In the copy, include every entry exactly but none of the images.

[Dataset excerpts]
^^^^

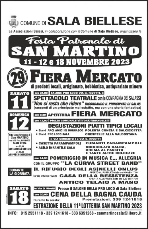 La Festa Patronale di San Martino a Sala Biellese (BI) si svolge nei giorni 11, 12 e 18 Novembre 2023.
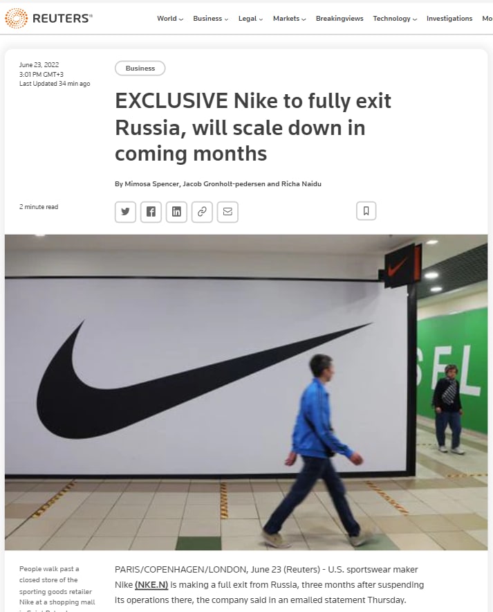 Nike покидает российский рынок
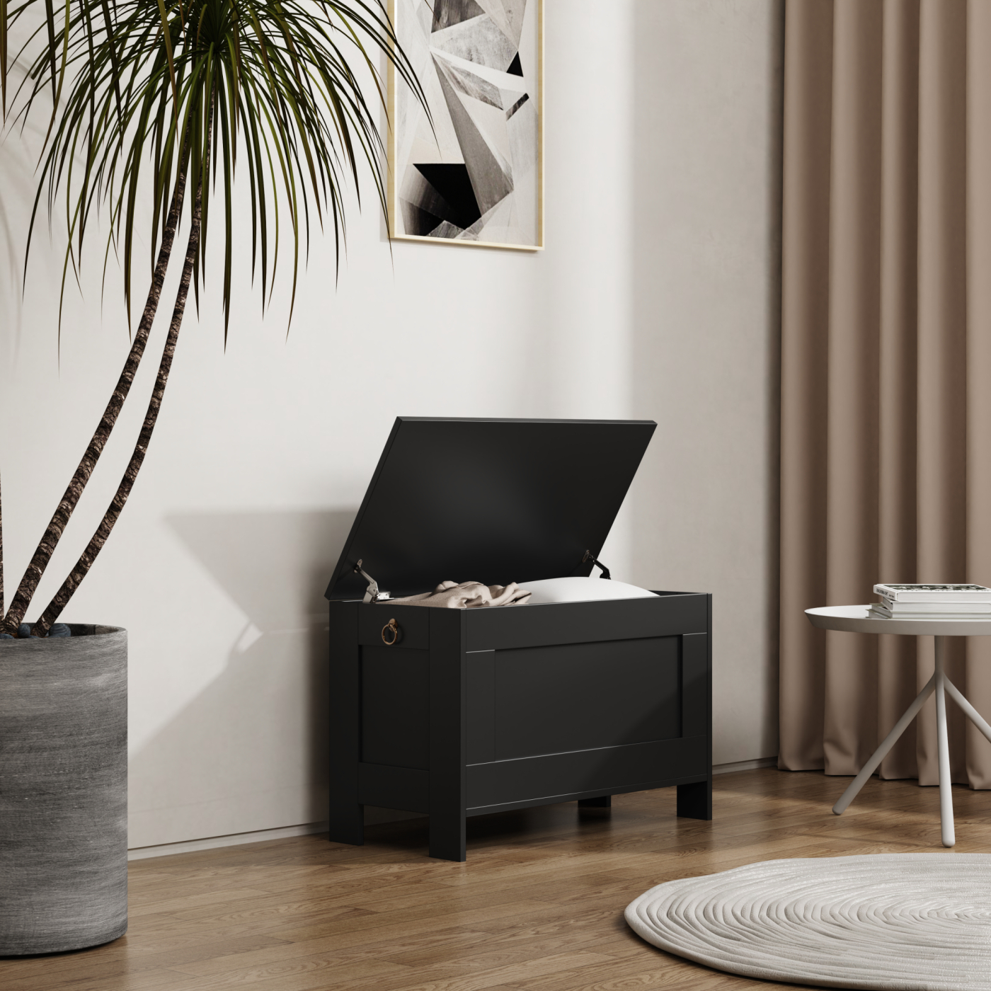 Schwarze Aufbewahrungstruhe – stilvoll und praktisch bei kompakter Größe
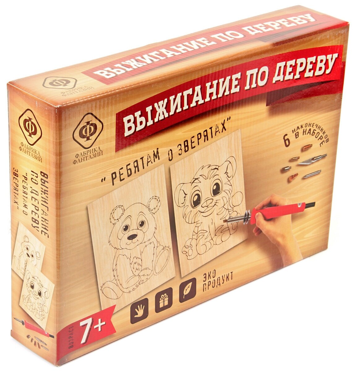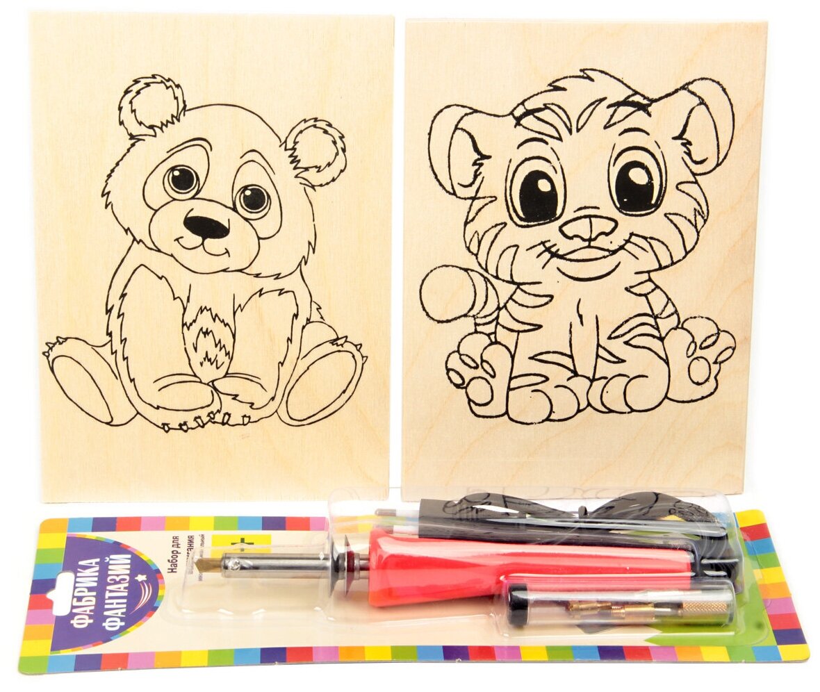 Набор для выжигания с прибором Ребятам о зверятах, 2хА5, Фабрика Фантазий / Выжигатель по дереву с насадками
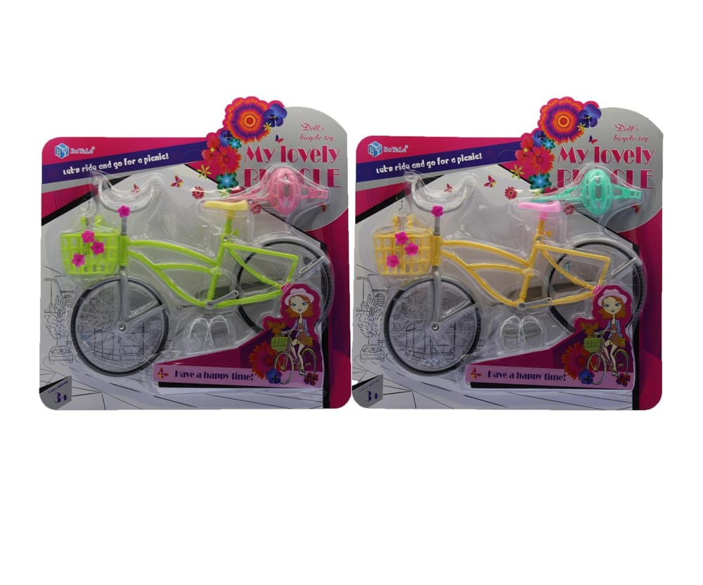 Bicikli Barbie-hoz kosárral, tárolóval és bukósisakkal.
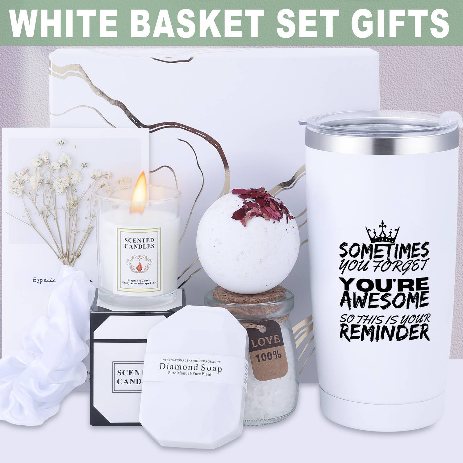 Women Basket Set Stuff White Gifts for Her Mom Mother Daughter Sister Girlfriend Gf Wife Aunt Friend Coworker Bestie Birthday Unique Cool Cute Funny Stuff Valentines Mother Day Christmas Xmas Aesthetic Beauty Present
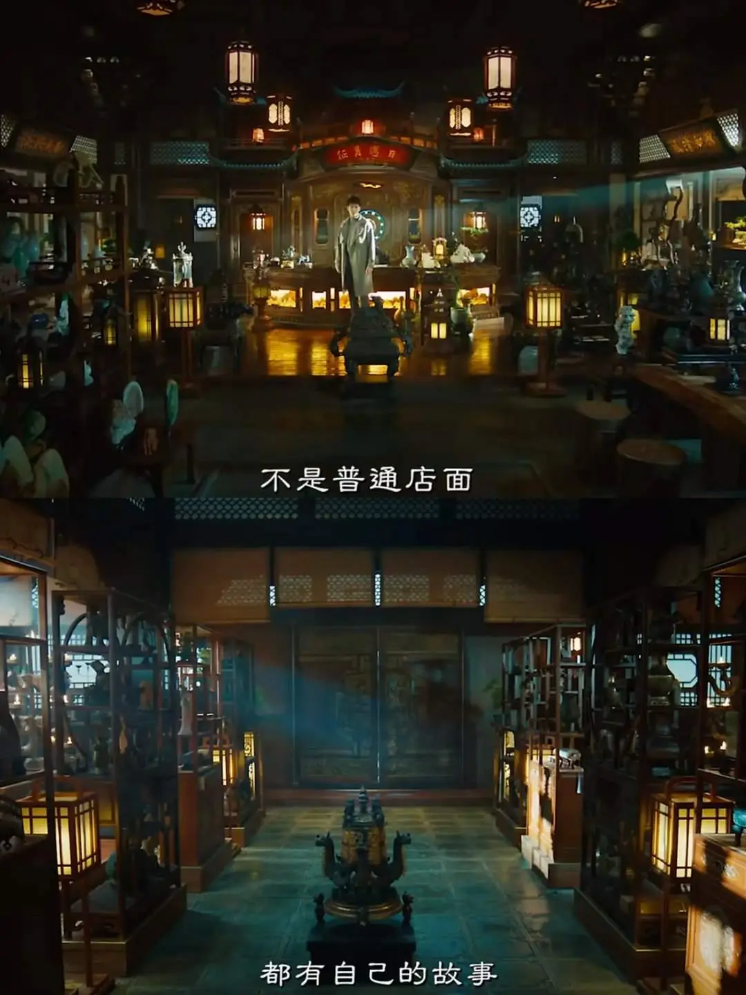 制作层面堪称“细节狂魔”,剧组为还原不同朝代风貌,1:1实景搭建秦朝宫殿、民国街景,哑舍店内的鱼纹镜、留青梳、锟铻刀等古物,连纹路都复刻原著细节。
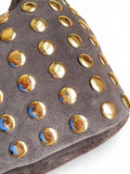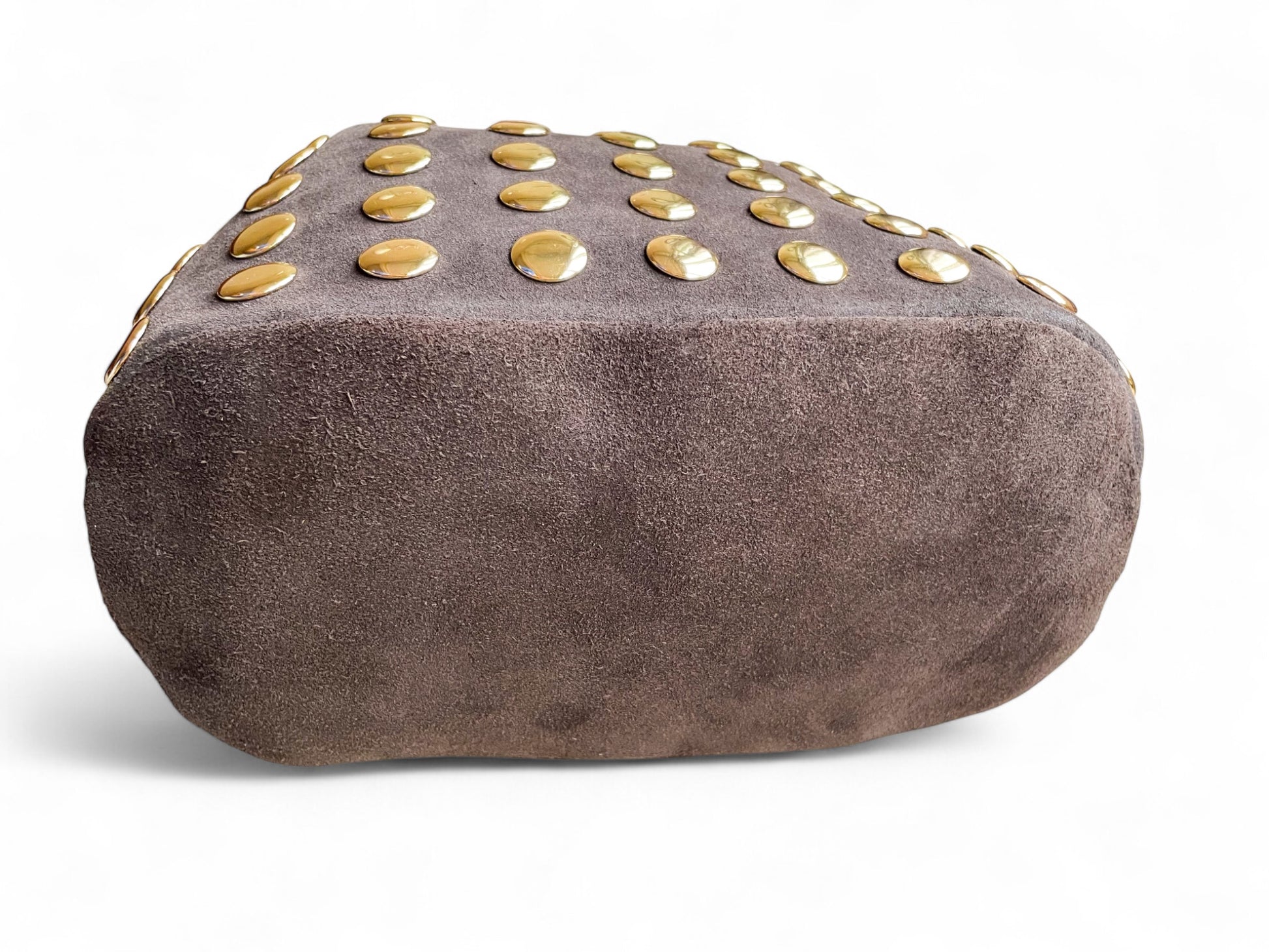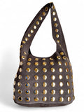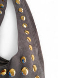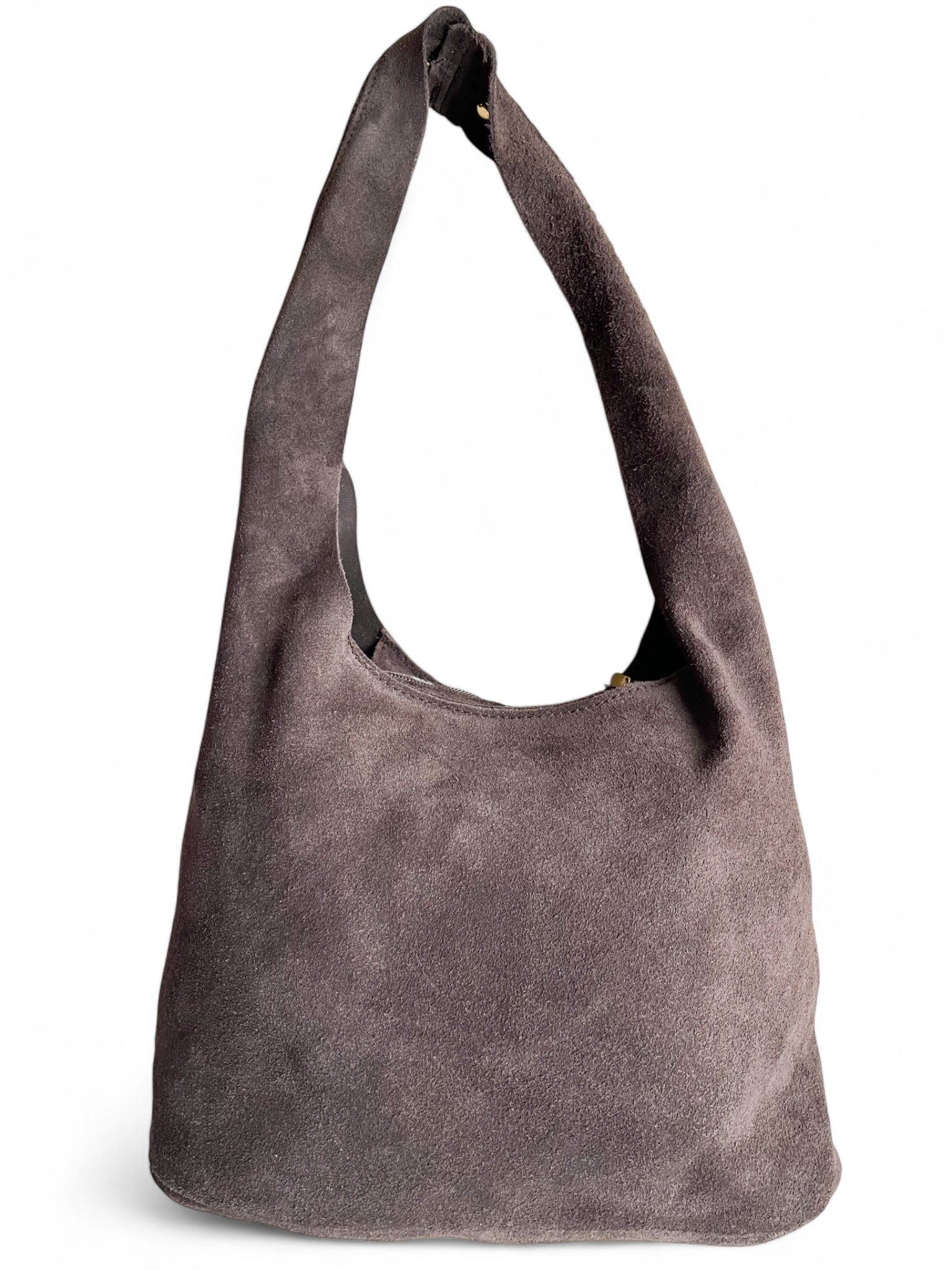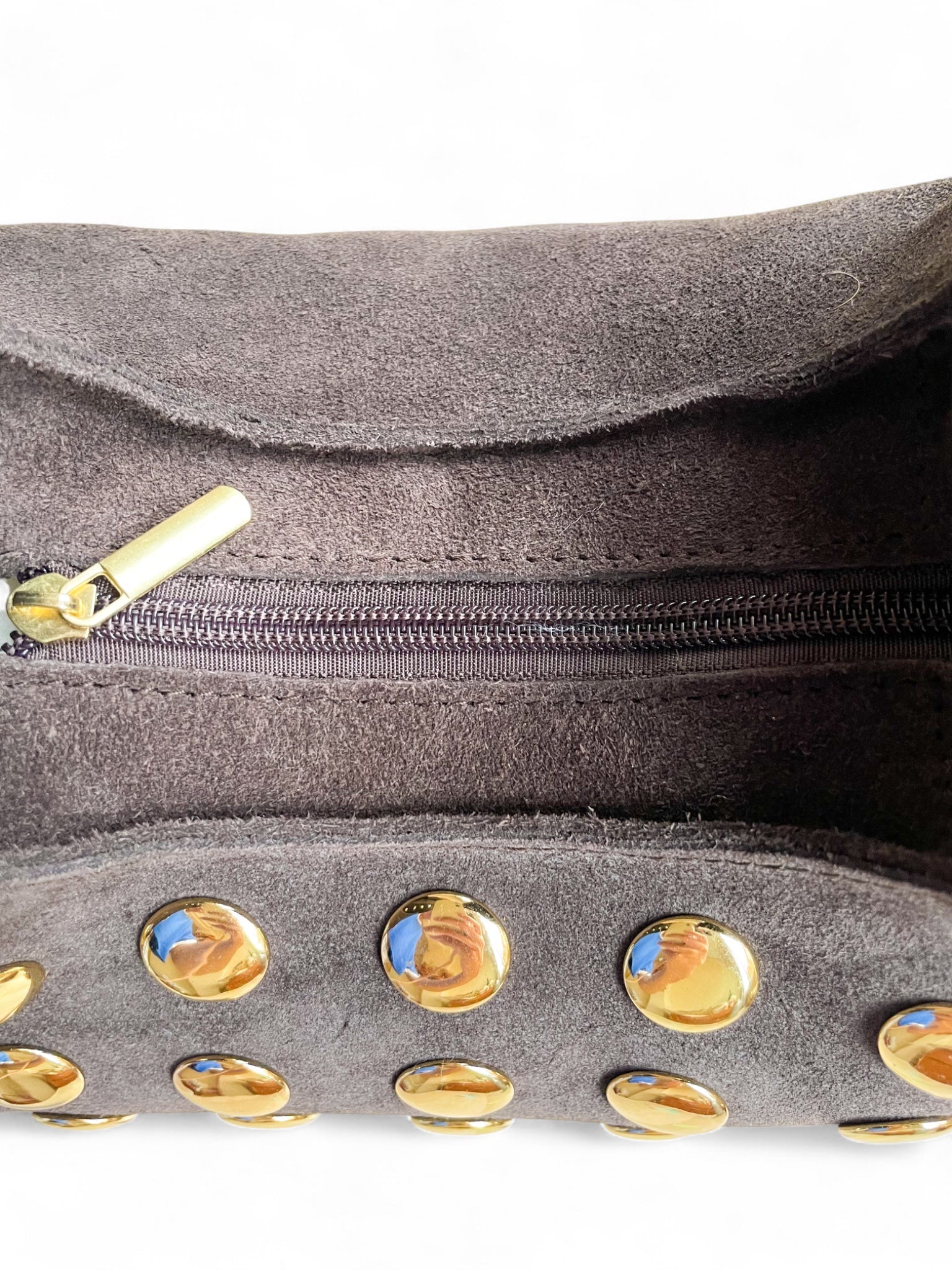 - Sac bandoulière Gaïa: un sac en daim orné de grands rivets dorés qui captent la lumière à chaque mouvement. Sa silhouette souple mais affirmée, sa anse intégrée et sa fermeture éclair en font une pièce à la fois audacieuse et élégante. Disponible en deux teintes intemporelles — camel et marron chocolat — il incarne l’esprit libre et chaleureux de l’automne.

^^^^

### Answer to this exercise
 La Festa Patronale di San Martino a Sala Biellese (BI) si svolge nei giorni 11, 12 e 18 Novembre 2023.
 Nike покидает российский рынок
 Schwarze Aufbewahrungstruhe – stilvoll und praktisch bei kompakter Größe
 Набор для выжигания с прибором Ребятам о зверятах, 2хА5, Фабрика Фантазий / Выжигатель по дереву с насадками
 Bicikli Barbie-hoz kosárral, tárolóval és bukósisakkal.
 Women Basket Set Stuff White Gifts for Her Mom Mother Daughter Sister Girlfriend Gf Wife Aunt Friend Coworker Bestie Birthday Unique Cool Cute Funny Stuff Valentines Mother Day Christmas Xmas Aesthetic Beauty Present
 制作层面堪称“细节狂魔”,剧组为还原不同朝代风貌,1:1实景搭建秦朝宫殿、民国街景,哑舍店内的鱼纹镜、留青梳、锟铻刀等古物,连纹路都复刻原著细节。
 - Sac bandoulière Gaïa: un sac en daim orné de grands rivets dorés qui captent la lumière à chaque mouvement. Sa silhouette souple mais affirmée, sa anse intégrée et sa fermeture éclair en font une pièce à la fois audacieuse et élégante. Disponible en deux teintes intemporelles — camel et marron chocolat — il incarne l’esprit libre et chaleureux de l’automne.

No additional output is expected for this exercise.